Archivio mensile:Febbraio 2018

Amore e assenza.

Ti ricordi?

Non abbiamo mai festeggiato San Valentino perché l’amore tra noi non aveva bisogno di ricorrenze e di regali e di mazzi di fiori e di cioccolatini, non aveva neanche bisogno di una festa che ci ricordasse quanto ci amavamo, perché bastavamo noi a ricordarlo, bastava la nostra quotidianità quieta e usuale, bastavano gli sguardi e i piccoli gesti e le mezze parole.

Non è mai stato un “grande” amore, ma un amore grande che ci riempiva la vita e le mani e oggi che le mie mani mi sembrano così vuote, oggi che non ci sei, non ho più parole e allora cerco le parole nei libri e mi affido alle parole degli altri per esplorare il vuoto che sento dentro:

Il futuro

 “E so molto bene che non ci sarai.
Non ci sarai nella strada,
non nel mormorio che sgorga di notte
dai pali che la illuminano,
neppure nel gesto di scegliere il menù,
o nel sorriso che alleggerisce il “tutto completo” delle sotterranee,
nei libri prestati e nell’arrivederci a domani”.

Julio Cortázar

Cracovia - Il ghetto

Abbiamo bisogno di buone notizie.

La scena sembra quella di un film: c’è una banchina della metropolitana, c’è gente che aspetta l’arrivo del treno, poi improvvisamente la situazione precipita, un bambino piccolo piccolo, seduto sulla panchina vicino alla mamma, si alza e corre verso i binari cadendo.

Le persone in stazione sembrano stranite, si avvicinano alle rotaie, guardano il bambino senza riuscire a decidere cosa fare, è una questione di attimi, il treno potrebbe entrare in stazione da un momento all’altro.

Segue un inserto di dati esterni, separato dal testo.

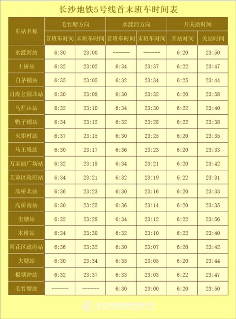 5号线首末班车时刻表
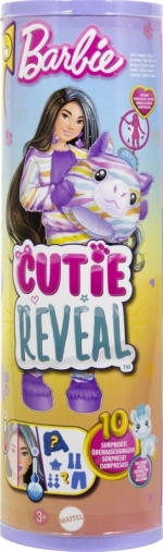 Lalka BARBIE Cutie Reveal z serii „Słodkie sny” łączy mięciutki pluszowy kostium z modową zabawą. Kolorowe przebranie zebry zamienisz w stylowe ubranka – w tym dwustronną kurtkę z kwiatowym nadrukiem i efektem tęczowej zebrzej skóry. W opakowaniu czekają też buty, szorty i biżuteria do nieskończonego miksowania stylów.
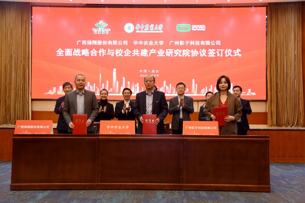 南湖新闻网讯(记者 川竹 学通社记者 魏文萱)11月27日下午,华中农业大学、广西扬翔股份有限公司、广州影子科技有限公司全面战略合作协议签约暨“影子科技-华中农大健康食品产业研究院”成立仪式在国际学术交流中心一楼报告厅举行。这标志着,三方全面开启战略合作新阶段。
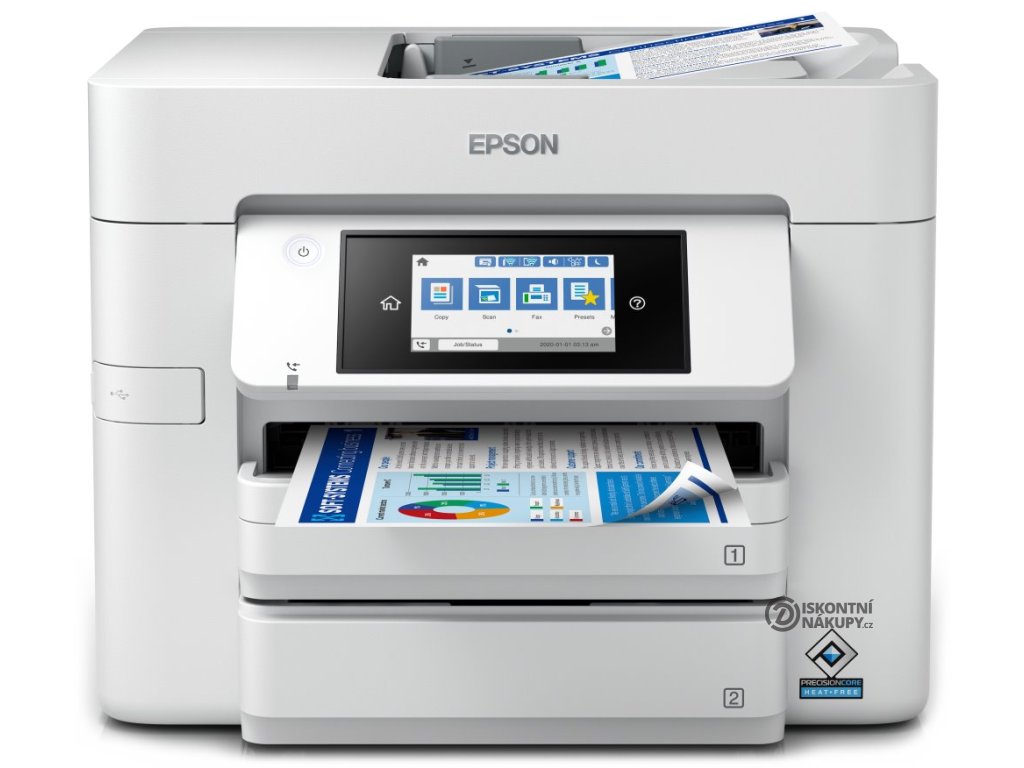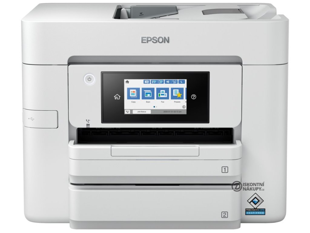 Epson WorkForce Pro WF-C4810DTWFMultifunkční barevná inkoustová tiskárna formátu A4 nabízející funkce tisku, skeneru, kopírky a faxu. Rozlišení tisku je až 4800 x 2400 dpi, rozlišení skeneru až 1200 x 1200 dpi a rychlost tisku až 36 stran za minutu černobíle a 22 stran za minutu barevně. Potěší také automatický oboustranný tisk, dva zásobníky na papír s celkovou kapacitou 500 listů či automatický podavač dokumentů s kapacitou 50 listů. Tiskárna také nabízí snadné přímé ovládání prostřednictvím čelního panelu s dotykovým LCD displejem o úhlopříčce 4,29". Připojení lze jednoduše realizovat jak drátově skrze USB či síťový Ethernet port, tak bezdrátově pomocí technologie Wi-Fi. Pro rychlý tisk je přítomen USB host port. Samozřejmostí je pak možnost bezdrátového tisku z mobilních zařízení prostřednictvím Apple AirPrint či Epson Connect.
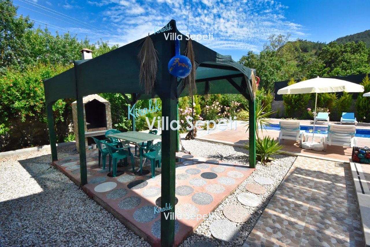 Şezlonglar, güneş şemsiyesi, salıncak, masa ve sandalyeler, barbekü, bulunur.
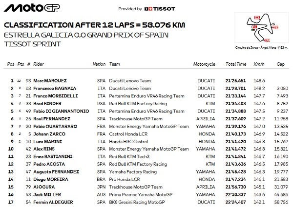 Francesco Bagnaia sempat memimpin setelah pergantian motor, namun Marc Marquez berhasil menyalip kembali dan mengunci kemenangan. Dari posisi sempat turun hingga P17, Marquez bangkit ke P1 dan menutup Sprint dengan hasil luar biasa.

Poi compare dal nulla un giovane uomo, si toglie lo zainetto e si getta sui binari per recuperare il bambino e affidarlo alla mamma, poi con un salto risale sulla banchina e sparisce.

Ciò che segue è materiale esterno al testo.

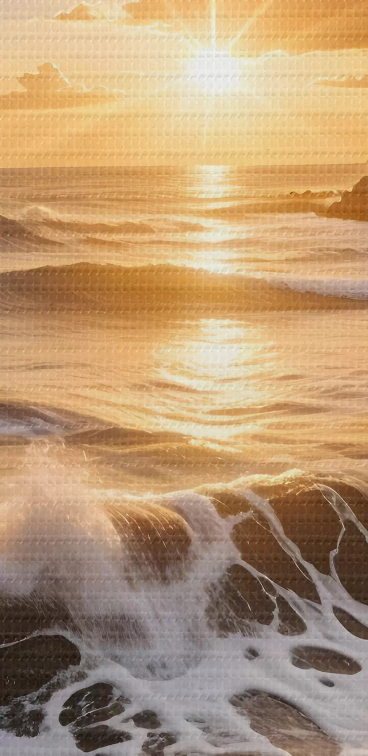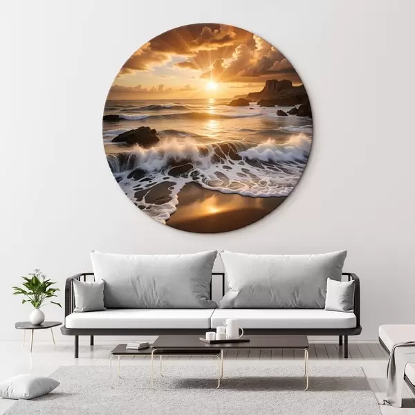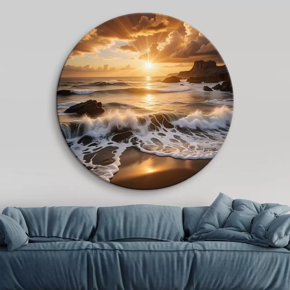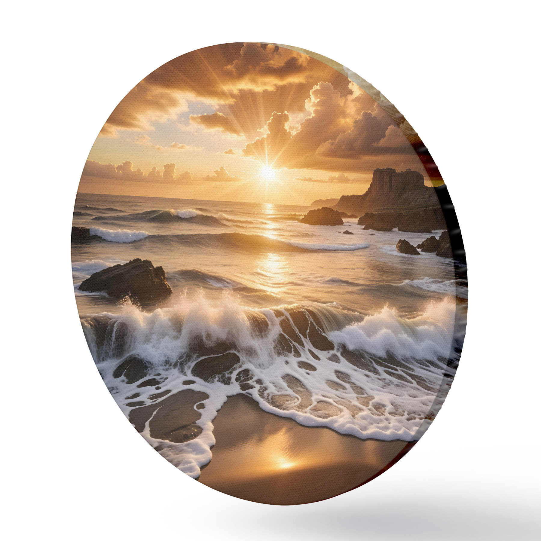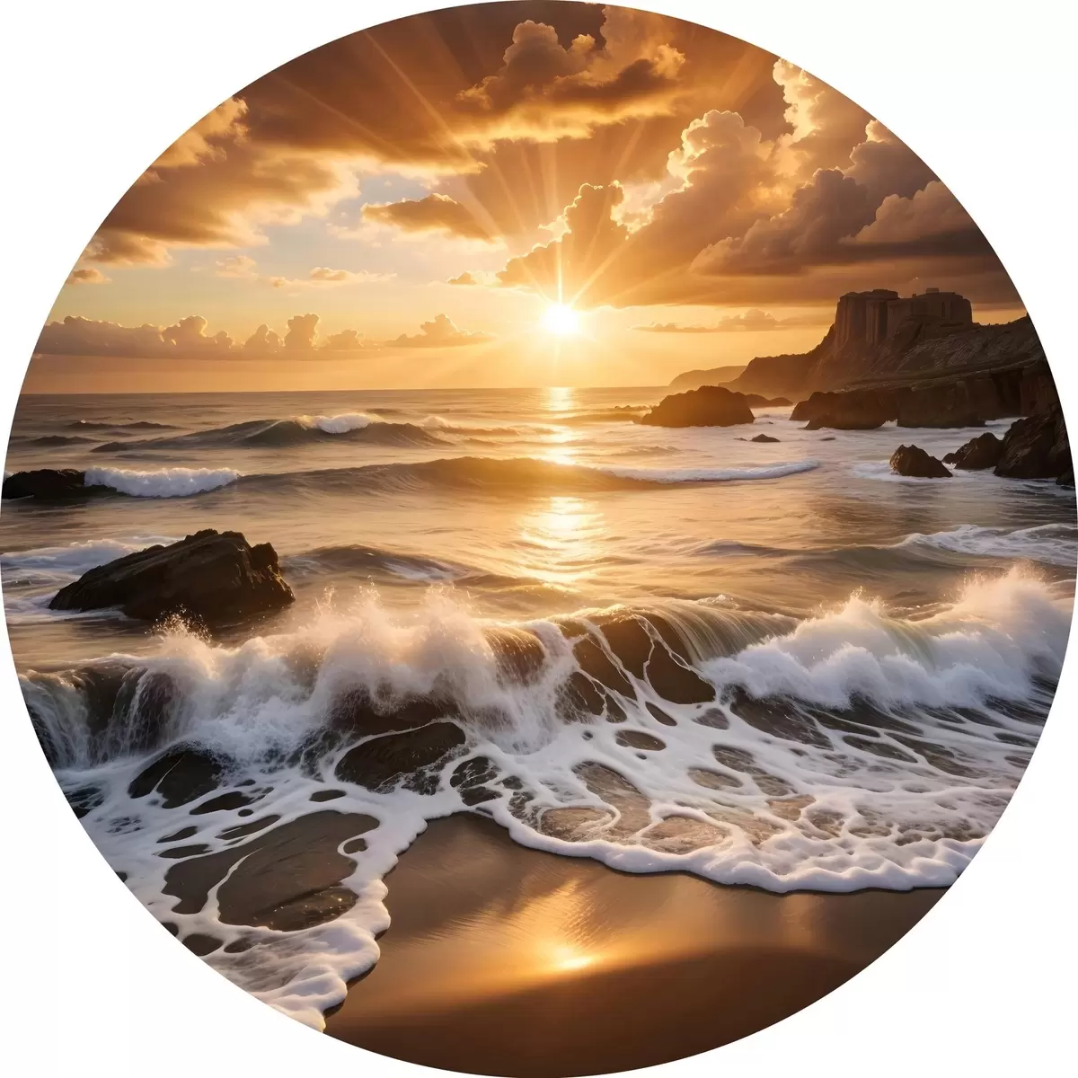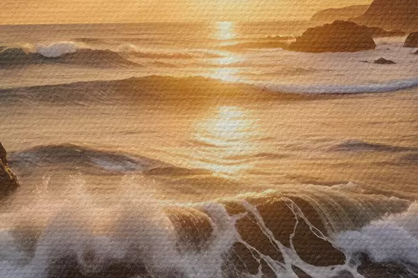 Pilt Dramaatiline päikeseloojang kaljuranniku kohal, lainete mürisemise ja dramaatiliste pilvedega taevas Nr r41245

La buona notizia è che il bambino sta bene.

La buona notizia è che l’impiegato addetto al controllo della stazione stava facendo il suo lavoro, non era distratto o “fuori stanza”, ha visto la scena attraverso gli schermi e ha dato semaforo rosso al treno in arrivo.

La buona notizia è che ci sono ancora persone capaci di aiutare gli altri senza farsi tante domande, senza aspettarsi un premio, senza mettersi sotto i riflettori.

Non ce ne rendiamo conto, ma abbiamo bisogno di buone notizie.

Milano e dintorni Metro

La scuola di una volta.

Tutti coloro che, come me, hanno da molto superato gli “anta” oggi, alla notizia del genitore che ha aggredito l’insegnante reo di aver rimproverato il pargolo, devono aver rivolto un (grato) pensiero alla loro scuola, ai loro insegnanti e soprattutto ai loro genitori.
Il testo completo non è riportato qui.